It has also been proposed to release large clouds of barium in the magnetosphere so that photoionization will increase the cold plasma density, thereby producing electron precipitation through enhanced whistler-mode interactions.
However, in all of the above-mentioned approaches, the mechanisms involved in triggering the change in the trapped particle phenomena must be actually positioned within the affected zone, e.g., the magnetosphere, before they can be actuated to effect the desired change.
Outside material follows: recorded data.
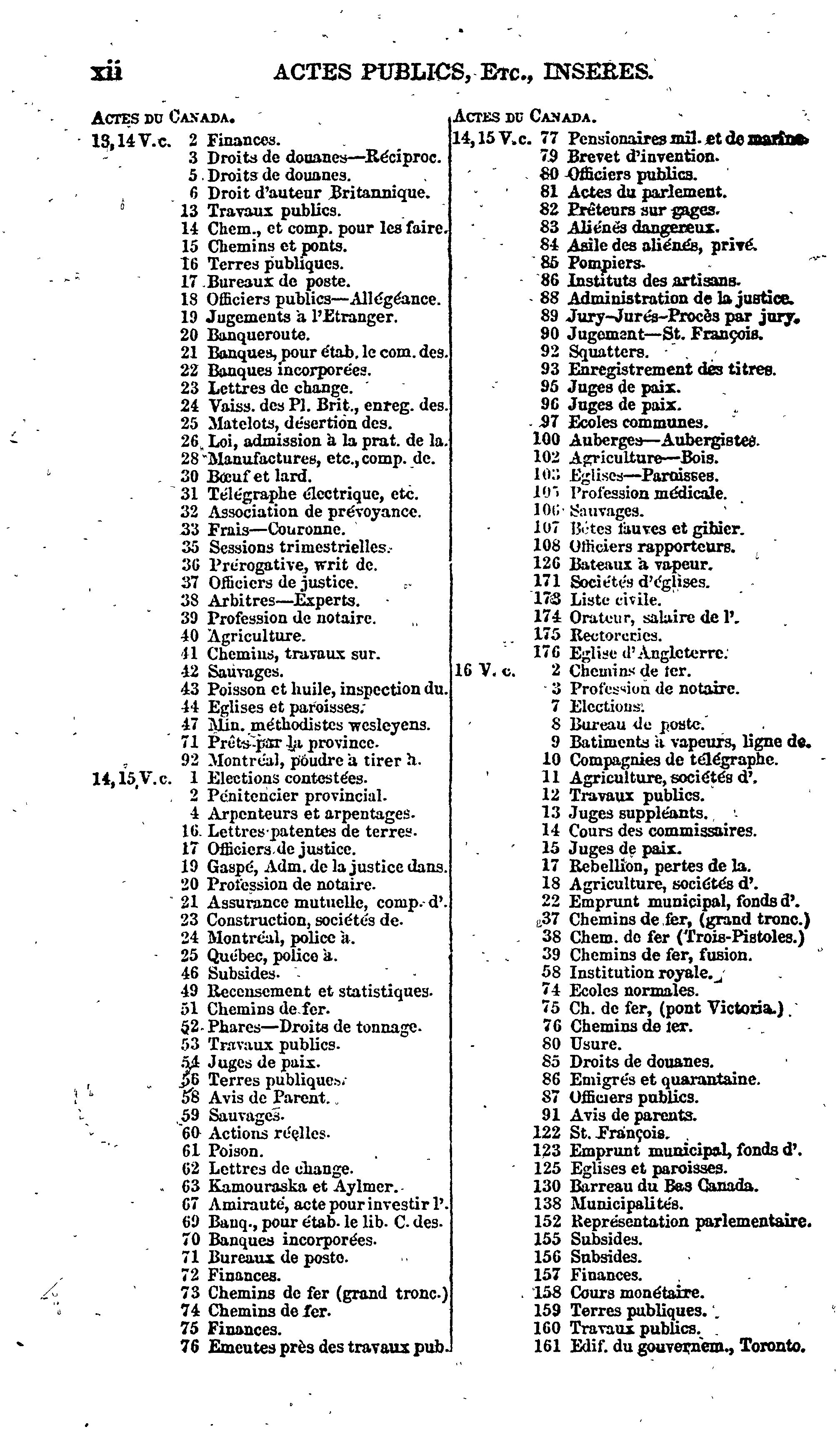 Index des statuts en force dans le Bas Canada, à la fin de la session de 1856 :
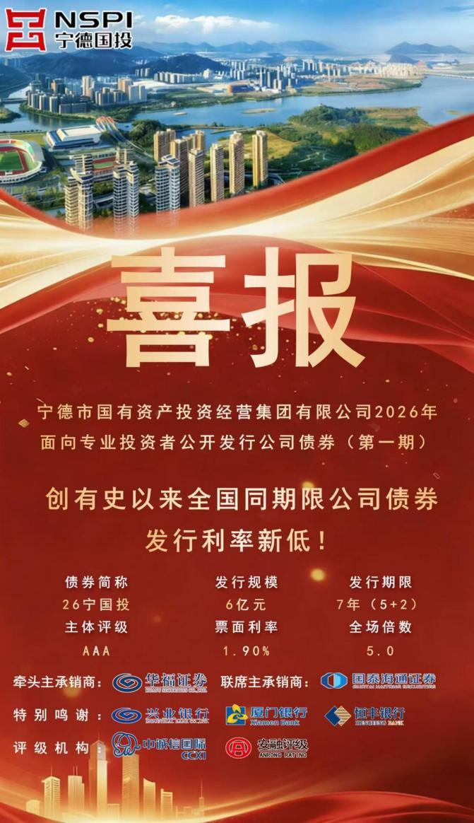 宁德市国投集团2026年度第一期小公募公司债券,募集资金6亿元,期限5+2年,票面利率1.90%,全场认购倍数5倍,创下有史以来全国同期限公司债券发行利率新低!
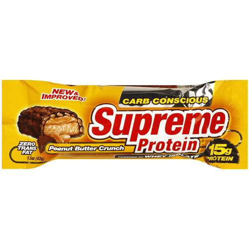 Naturally & artificially flavored. Powered by whey isolate - primary source. Delicious candy bar taste. Rich chocolate & peanuts butter. 15 grams of high-quality protein. With essential vitamins & minerals. Superior nutrition and award-winning taste! Delicious quadruple layer candy bar taste. Now you can have it all with Supreme Protein. The world's first quadruple layer protein bar combines real candy flavor and the unsurpassed amino-rich power of high-performance protein bar that not only tastes great but helps to deliver the quality nutrition you need to achieve serious results from your training program. In addition, the Supreme Protein Peanut Butter Crunch bar also provides essential vitamins, minerals and crunchy protein crisps. Try this nutritional masterpiece for yourself and you'll agree - superior nutrition has never tasted this good! Gold Superior Taste by American Masters of Taste.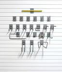 Fits StoreWall, Milwaukee slatwall, HandiWall, Diamond Life, GarageTek, New Age, and standard universal 3" on center slatwall systems only.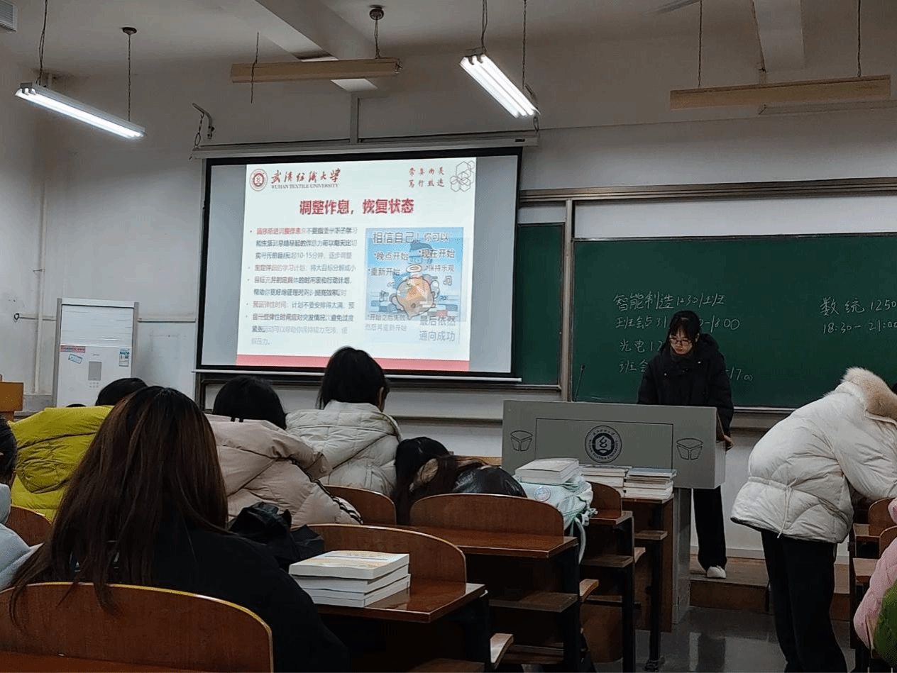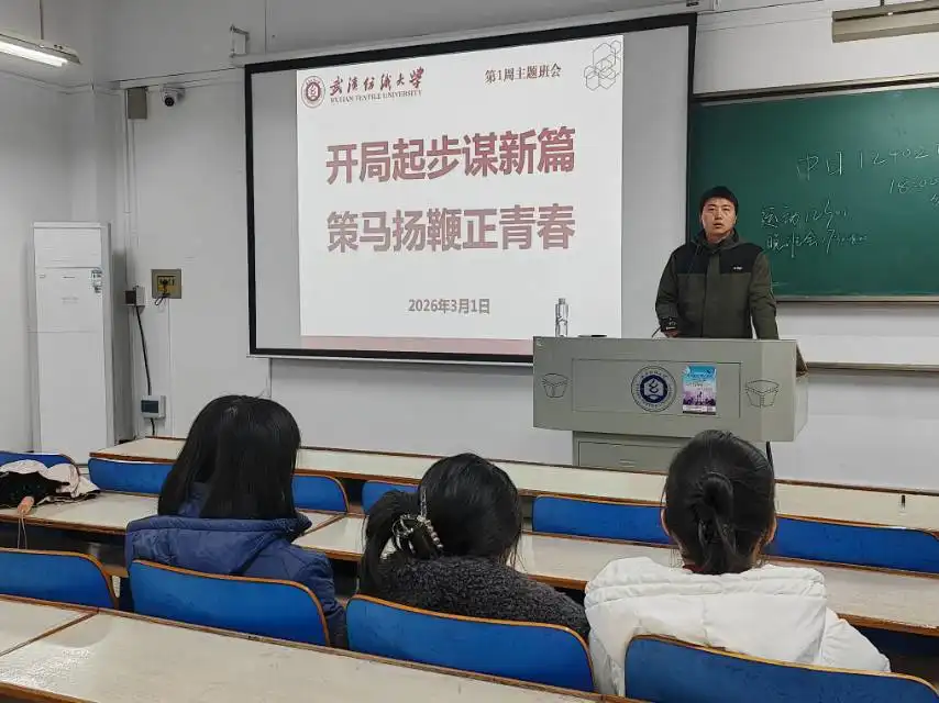老师带领同学们一同回望了2025年国家发展的辉煌成就,从党的二十届四中全会擘画发展蓝图、抗战胜利80周年纪念大会隆重举行,到天问二号逐梦深空、福建舰正式入列,再到经济社会发展目标圆满完成、高水平对外开放持续推进,一个个重大事件、一组组亮眼数据,让同学们深切感受到国家发展的强劲脉搏。同时,大家共同学习了武汉纺织大学2025年十大新闻,了解到学校在学科建设、科研创新、人才培养等方面取得的突破性进展,进一步增强了作为纺大学子的归属感与自豪感。立足“十五五”开局之年的新起点,老师向同学们解读了2026年国家重要发展节点与学校发展新愿景,介绍了学校在一流学科建设、人才培养、校园建设等方面的十大发力方向,鼓励同学们将个人发展与学校、国家的发展同频共振,锚定目标、脚踏实地,在新学期追求新进步、实现新突破。针对开学后同学们可能出现的作息紊乱、开学焦虑等问题,老师从接纳情绪、调整作息、制订计划等方面给出具体建议,分享了正念呼吸、规律运动等情绪调节方法,并公布了校内外心理求助途径,为同学们的心理健康保驾护航。此外,班会还介绍了2026年各类重要考试时间节点,提醒同学们提前规划、合理安排学习时间,做好学业与考证的统筹规划。

The earth's ionosphere is not considered to be a "trapped" belt since there are few trapped particles therein. The term "trapped" herein refers to situations where the force of gravity on the trapped particles is balanced by magnetic forces rather than hydrostatic or collisional forces. The charged electrons and ions in the ionosphere also follow helical paths around magnetic field lines within the ionosphere but are not trapped between mirrors, as in the case of the trapped belts in the magnetosphere, since the gravitational force on the particles is balanced by collisional or hydrostatic forces.
In recent years, a number of experiments have actually been carried out to modify the ionosphere in some controlled manner to investigate the possibility of a beneficial result. For detailed discussions of these operations see the following papers: (1) Ionospheric Modification Theory; G. Meltz and F. W. Perkins; (2) The Platteville High Power Facility; Carrol et al.; (3) Arecibo Heating Experiments; W. E. Gordon and H. C. Carlson, Jr.; and (4) Ionospheric Heating by Powerful Radio Waves; Meltz et al., all published in Radio Science, Vol. 9, No. 11, November, 1974, at pages 885-888; 889-894; 1041-1047; and 1049-1063, respectively, all of which are incorporated herein by reference. In such experiments, certain regions of the ionosphere are heated to change the electron density and temperature within these regions. This is accomplished by transmitting from earth-based antennae high frequency electromagnetic radiation at a substantial angle to, not parallel to, the ionosphere's magnetic field to heat the ionospheric particles primarily by ohmic heating. The electron temperature of the ionosphere has been raised by hundreds of degrees in these experiments, and electrons with several electron volts of energy have been produced in numbers sufficient to enhance airglow. Electron concentrations have been reduced by a few percent, due to expansion of the plasma as a result of increased temperature.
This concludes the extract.